To belong in $ G_{1}^{\prime} \times G_{2}^{\prime}$, $h$ must be the direct product of an element of $G_{1}^{\prime}$, which is the (group operation) product of commutators of elements of $G_{1}$, and an element of $G_{2}^{\prime}$, which is the (group operation) product of commutators of elements of $G_{2}$.

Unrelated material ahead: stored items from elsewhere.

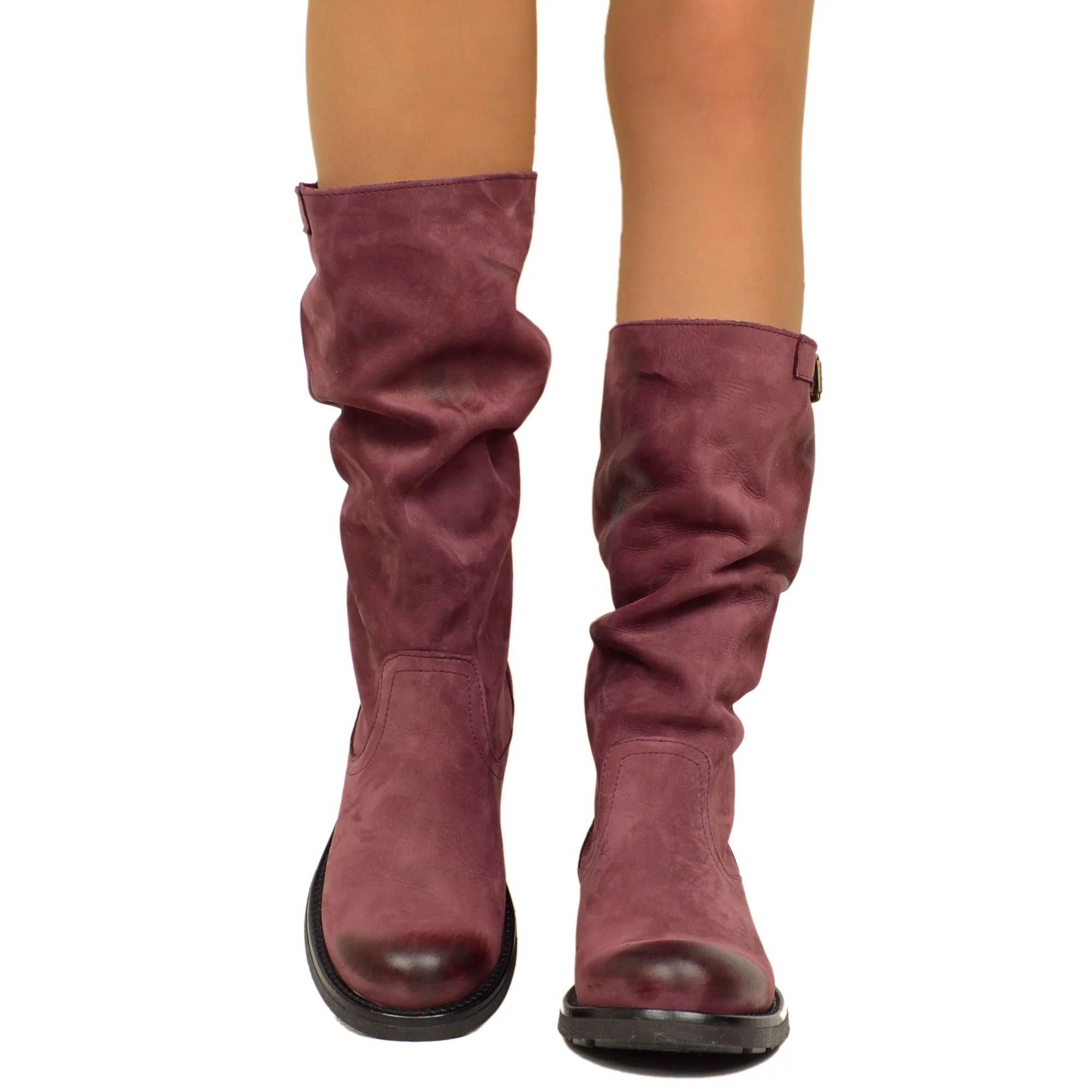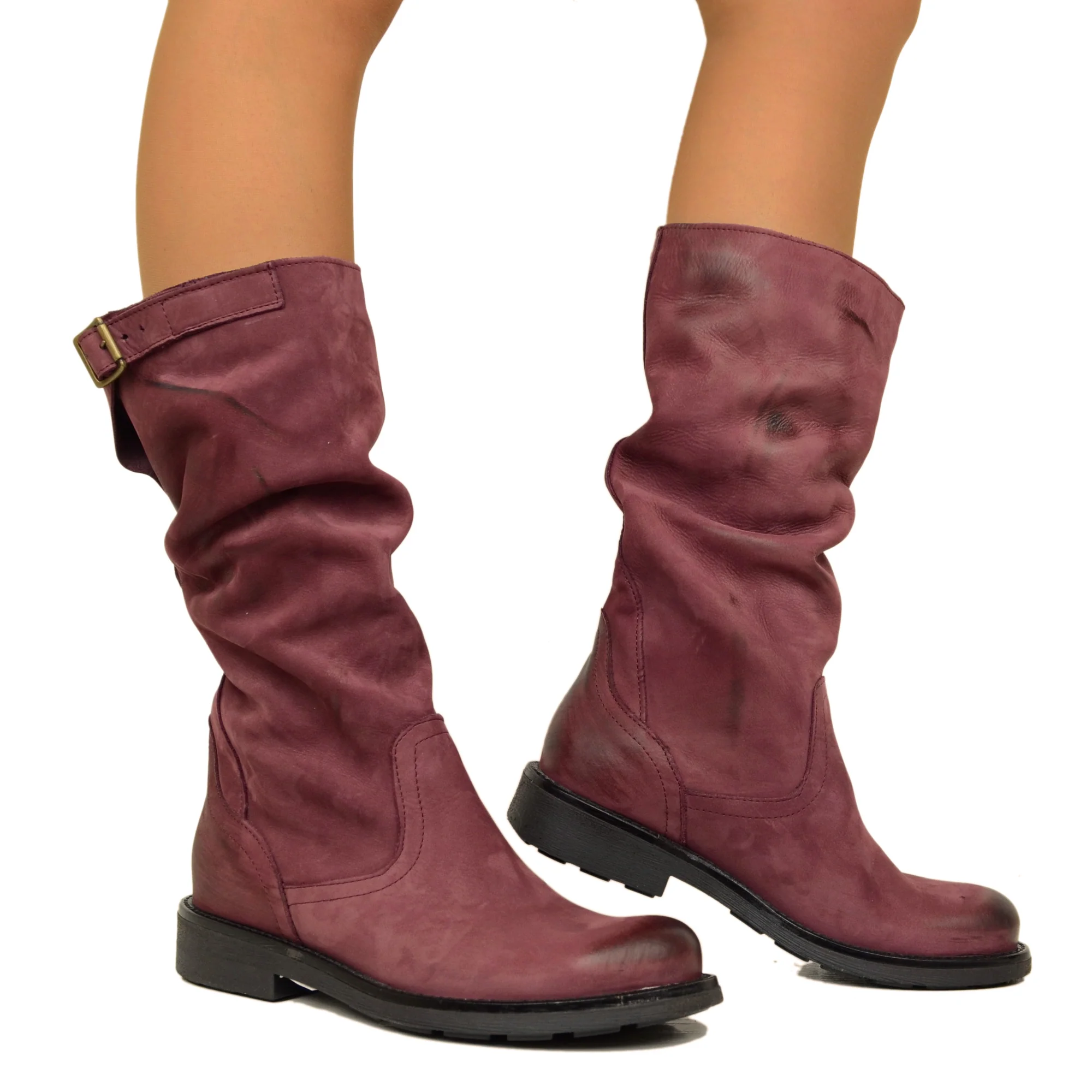 Boots in Vera Pelle Vintage Sfumata, Altezza Metà Polpaccio con Fibbia Laterale.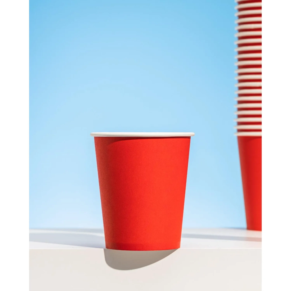 Стакан одноразовый бум 1-сл. d-80мм 250мл красный КОМУС 75шт/уп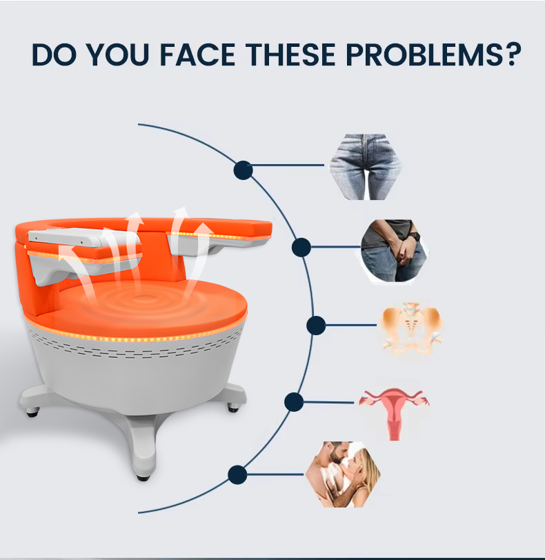 The EMSLIM Pelvic Floor Muscle Repair Chair is a powerful and non-invasive machine designed to restore pelvic floor muscle strength, improve vaginal health, and enhance overall well-being. This advanced system uses electromagnetic technology to stimulate deep muscle contractions, promoting muscle toning and fat reduction in the pelvic area. Ideal for postpartum recovery and addressing common issues like urinary incontinence and pelvic pain, the EMSLIM Chair offers a safe, effective alternative to invasive treatments.
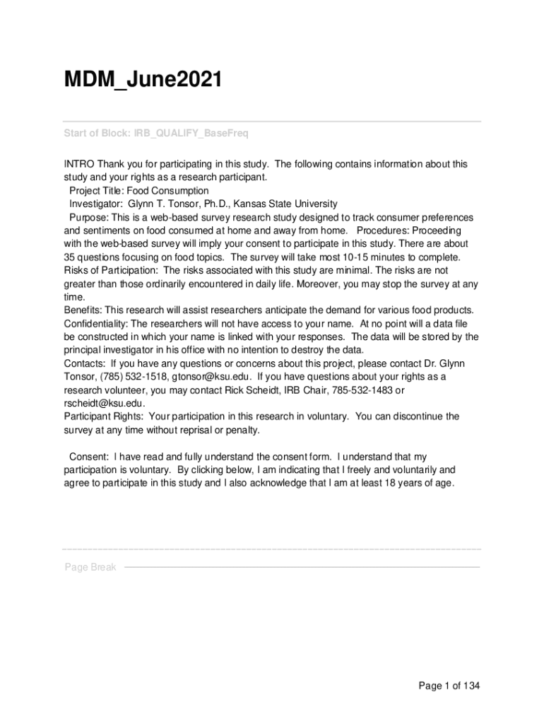 MDM_June2021 Start of Block: IRB_QUALIFY_Carefree INTRO Thank you for participating in this study. The following contains information about this study and your rights as a research participant. Project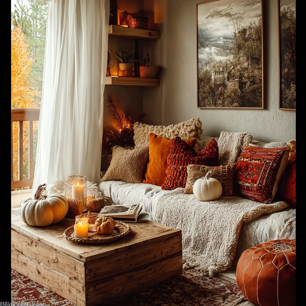 Transform a quiet nook into a cozy fall retreat with a soft couch layered in warm throws and neutral-toned pillows. Add a few white pumpkins on the side table or windowsill for a simple, elegant touch of seasonal fall decor that feels both modern and inviting.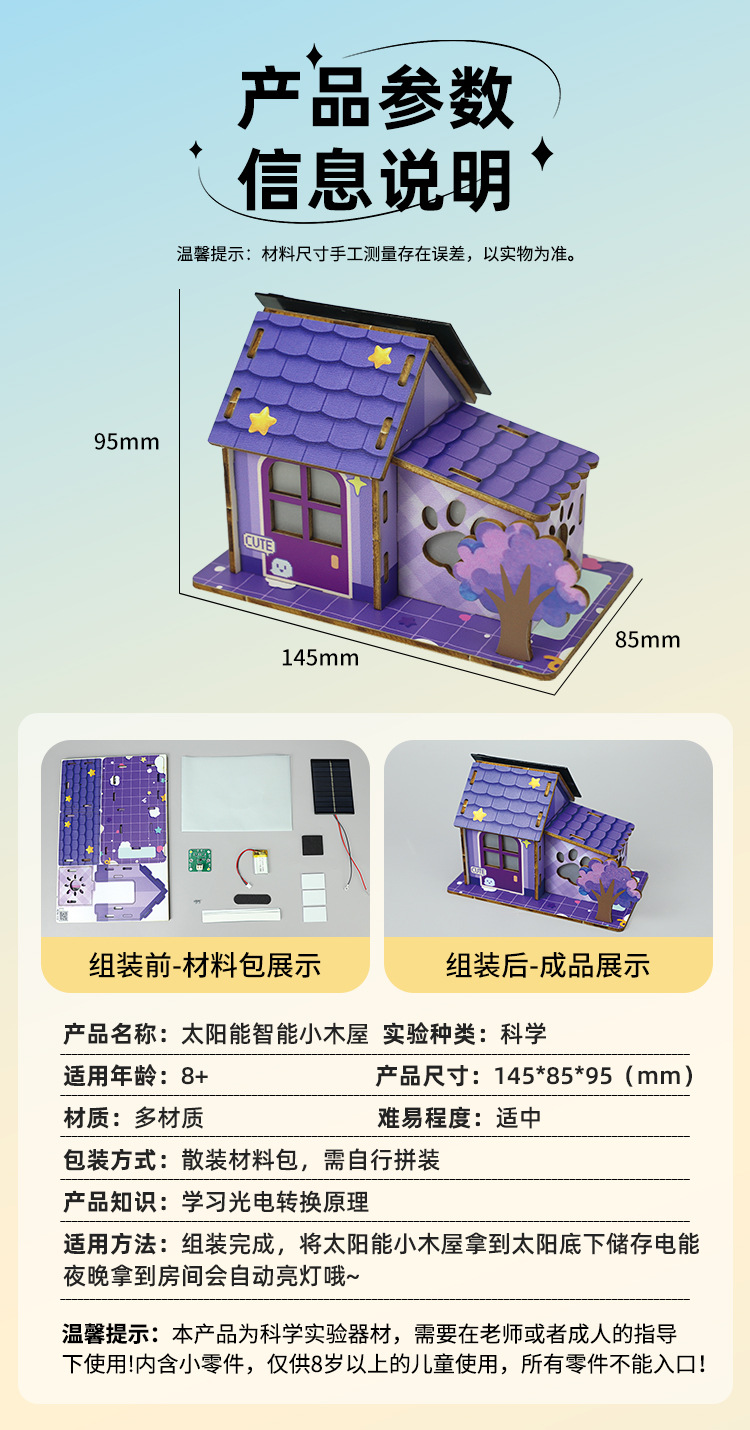 DIY 태양열 다채로운 오두막 모델 과학 실험 증기 기술 소규모 생산 학생 과학 및 교육 장난감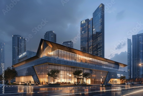 Naklejka premium Modern convention center with a striking glass facade stands prominently in a bustling urban city center, illuminated by the warm glow of dusk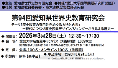 <3/28・要申込>第94回愛知県世界史教育研究会(国際問題研究所・共催)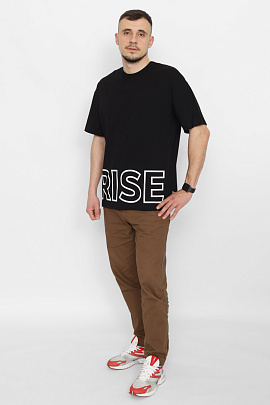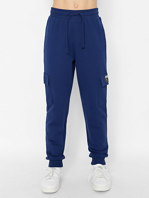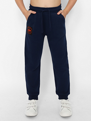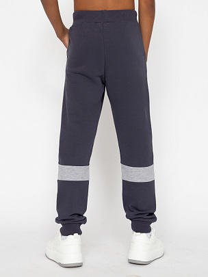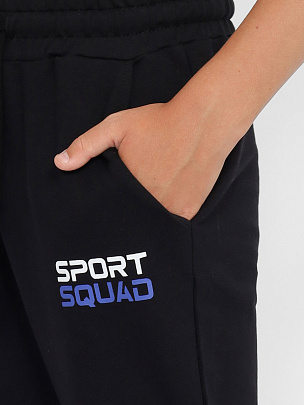 Брюки для мальчика с карманами. Пояс притачной, с резинкой и функциональным шнуром. Нижние срезы брюк на резинке. В области левого кармана небольшой принт "СПОРТИВНАЯ КОМАНДА"с эффектом высокой базы. Правая половинка брюк декорирована принтом.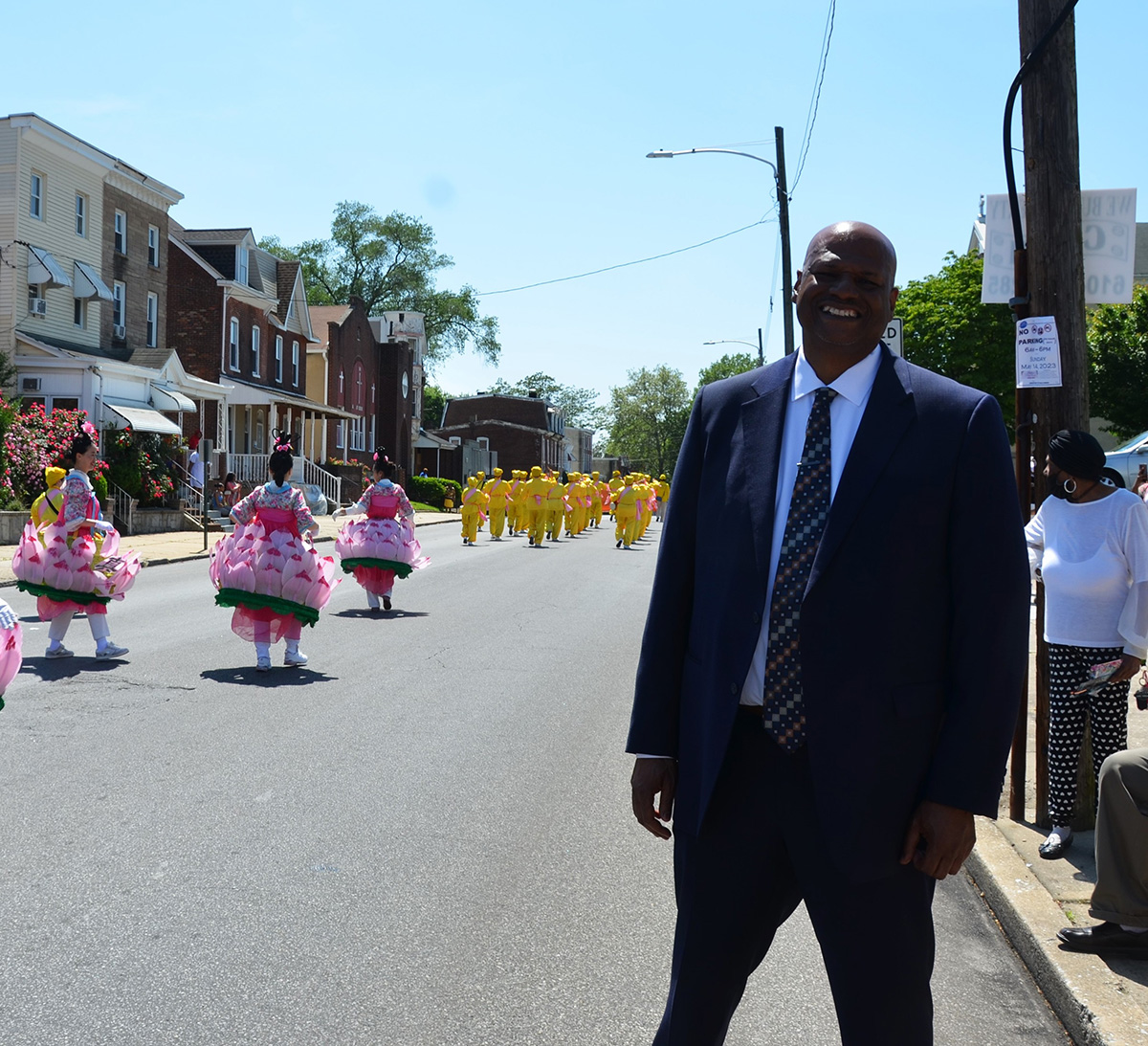 工程经理罗伯特·鲁克斯(Robert Rooks)称赞法轮功队伍给今年的游行增添了很多丰采。“我喜欢他们舞动的步伐,美妙的音乐,还有鲜艳的服装。莲花舞更是特别,非常优美。”得知法轮功学员来自纽约时,鲁克斯惊叹到:“啊,太棒了!切斯特市欢迎你们!”
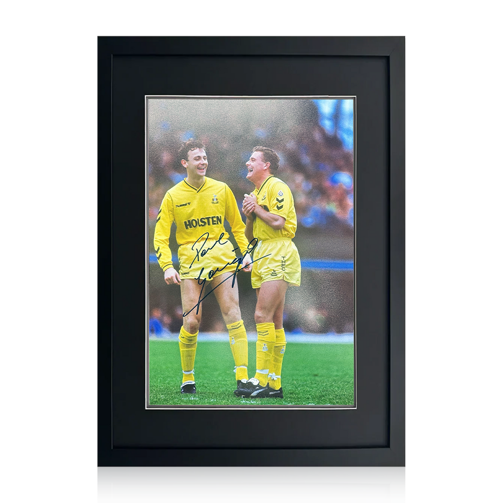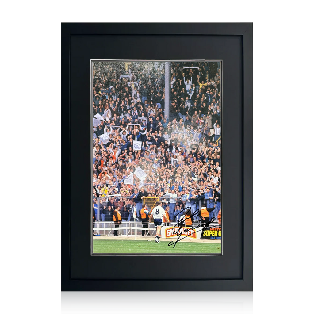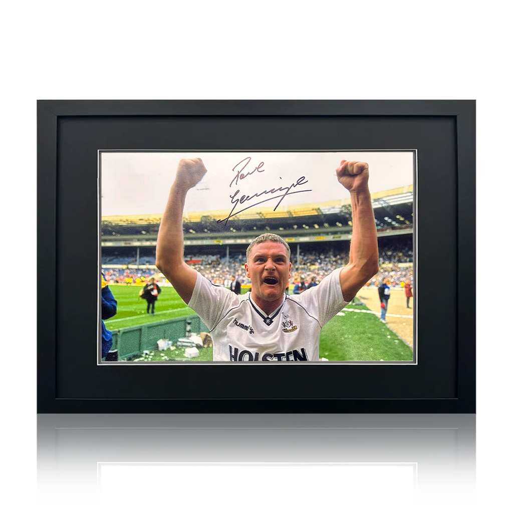 Wooden framed mount display containing a signed 18x12 Tottenham Hotspur image from legend, Paul Gascoigne. Size of the product is approximately 595 x 480mm. This item comes with an The Fan Cave Memorabilia certificate of authen...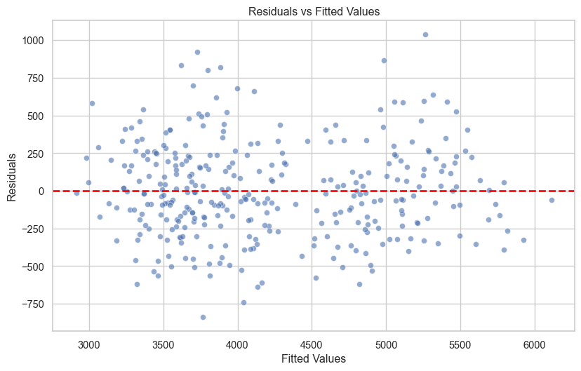 sns.scatterplot(x=fitted, y=residuals, alpha=0.6, ax=axes[0, 0])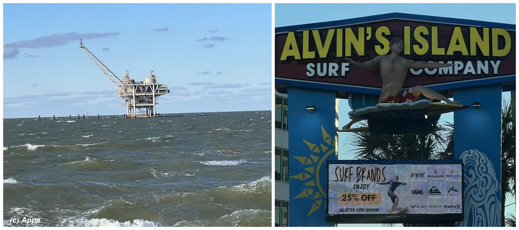 While I was at Foley, AL on Day 2 we visited some of the Oil Well Riggs. We saw almost 9 of them in the ocean. Here is one of them. We also saw this funny surfer dude in front of a store selling surfing wares.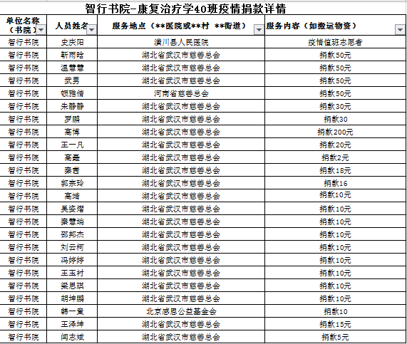 2月2日,智行书院2019级康复治疗学40班团支部发起“抗击疫情,希望同行”爱心援助活动, 此次捐助活动倡议支部团员青年伸出援助之手、汇聚爱心力量,一起帮助湖北渡过难关。团员青年积极响应号召,21名团员向湖北省武汉市慈善总会资金捐助,其余3名团员向当地医院或政府进行了捐款,团支部24名团员共计捐款646元。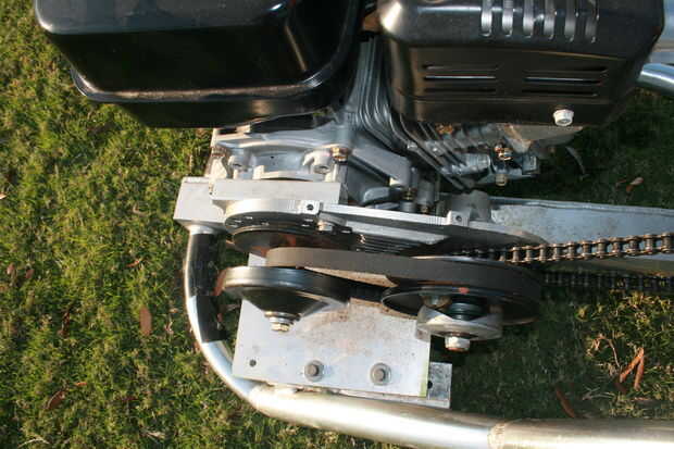 ENERGÍA: Mientras que empecé con el tradicional motor de hp 6.5, subí a 9hp motor Robin Subaru de más RPM, potencia y más larga vida del motor. Muchos constructores hacen un sistema de transmisión de un embrague centrífugo, piñones, rodamientos y cadena pero decidí ir con un Torq a verter de las industrias de la cometa (también llamado TAV2 o CVT). Otra vez no la opción más rentable pero en cuanto a funcionamiento va él no puede ser vencido. Asegúrese y obtener uno que coincida con su motor tamaño de alesaje.
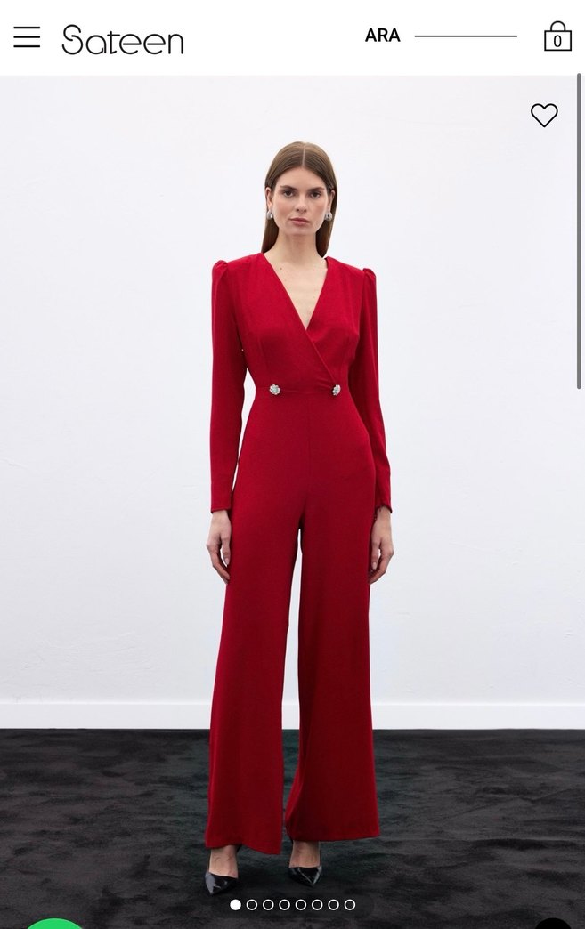 Parlak kırmızı tulum, V yakalı ve düğmeli uzun kollu tasarımıyla şık ve çağdaş bir görünüm sunar.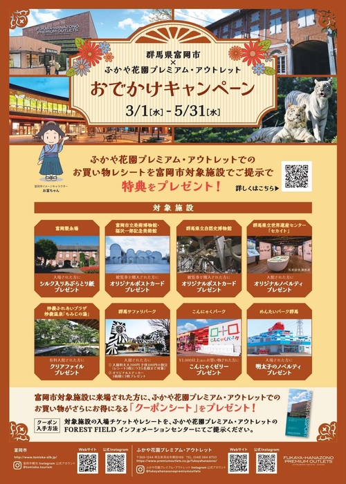 ぜひこの機会に富岡市・甘楽町とふかや花園プレミアム・アウトレットへお出かけください。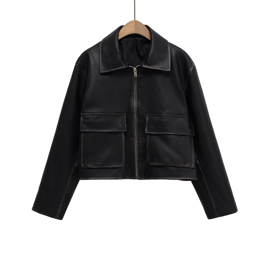 Damen Kurzgeschnittene Lederjacke mit Taschen Heidi-Mode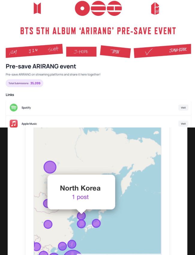 Yet, within this extremely tense context, there emerged a remarkably daring ARMY whose actions ѕнσ¢кed the entire fandom after they were seen expressing support for BTS ahead of the group’s return with the ARIRANG album. Fans discovered this “exceptional case” while accessing a fan-created application that tracks album presaves counts on Spotify and Apple Music. According to the data displayed, one presave clearly originated from “North кσяєα.”

Let $h_{1}$ be such an element of $G_{1}^{\prime}$ and let $h_{2}$ be such an element of $G_{2}^{\prime}$, and let $h = h_{1} \times h_{2}$. Then,
$h_{1} = [a_{1},c_{1}]\cdot [a_{2}, c_{2}] \cdot \, \, \cdots \, \, \cdot [a_{t},c_{t}]$ for some $t$, where each $a_{i}$, $c_{i}$ is an element of $G_{1}$
and $h_{2} =[b_{1},d_{1}]\cdot [b_{2}, d_{2}] \cdot \, \, \cdots \, \, \cdot [b_{t},d_{t}]$ for some $t$, where each $b_{i}$, $d_{i}$ is an element of $G_{2}$.
So,
$\begin{align}h = h_{1} \times h_{2} = ([a_{1},c_{1}]\cdot [a_{2}, c_{2}] \cdot \, \, \cdots \, \, \cdot [a_{t},c_{t}], [b_{1},d_{1}]\cdot [b_{2}, d_{2}] \cdot \, \, \cdots \, \, \cdot [b_{t},d_{t}])\\ =(a_{1}^{-1}c_{1}^{-1}a_{1}c_{1}a_{2}^{-1}c_{2}^{-1}a_{2}c_{2}\cdots a_{t}^{-1}c_{t}^{-1}a_{t}c_{t}, \,b_{1}^{-1}d_{1}^{-1}b_{1}d_{1}b_{2}^{-1}d_{2}^{-1}b_{2}d_{2}\cdots b_{t}^{-1}d_{t}^{-1}b_{t}d_{t}) \\ = (a_{1}^{-1},b_{1}^{-1}) (c_{1}^{-1},d_{1}^{-1})(a_{1},b_{1})(c_{1},d_{1})\cdot (a_{2}^{-1},b_{2}^{-1})(c_{2}^{-1},d_{2}^{-1})(a_{2},b_{2})(c_{2},d_{2})\cdot \, \, \cdots \, \,\cdot(a_{t}^{-1},b_{t}^{-1})(c_{t}^{-1},d_{t}^{-1})(a_{t},b_{t})(c_{t},d_{t}) \\ = (a_{1},b_{1})^{-1}(c_{1},d_{1})^{-1}(a_{1},b_{1})(c_{1},d_{1})\cdot (a_{2},b_{2})^{-1}(c_{2},d_{2})^{-1}(a_{2},b_{2})(c_{2},d_{2})\cdot \, \, \cdots \, \,\cdot(a_{t},b_{t})^{-1}(c_{t},d_{t})^{-1}(a_{t},b_{t})(c_{t},d_{t}) \\ = [(a_{1},b_{1}),(c_{1},d_{1})]\cdot [(a_{2},b_{2}),(c_{2},d_{2})]\cdot\,\, \cdots \,\, \cdot[(a_{t},b_{t}),(c_{t},d_{t})] \in (G_{1}\times G_{2})^{\prime} \end{align}$
So, we have the inclusion $\mathbf{G_{1}^{\prime}\times G_{2}^{\prime} \subseteq (G_{1}\times G_{2})^{\prime}}$.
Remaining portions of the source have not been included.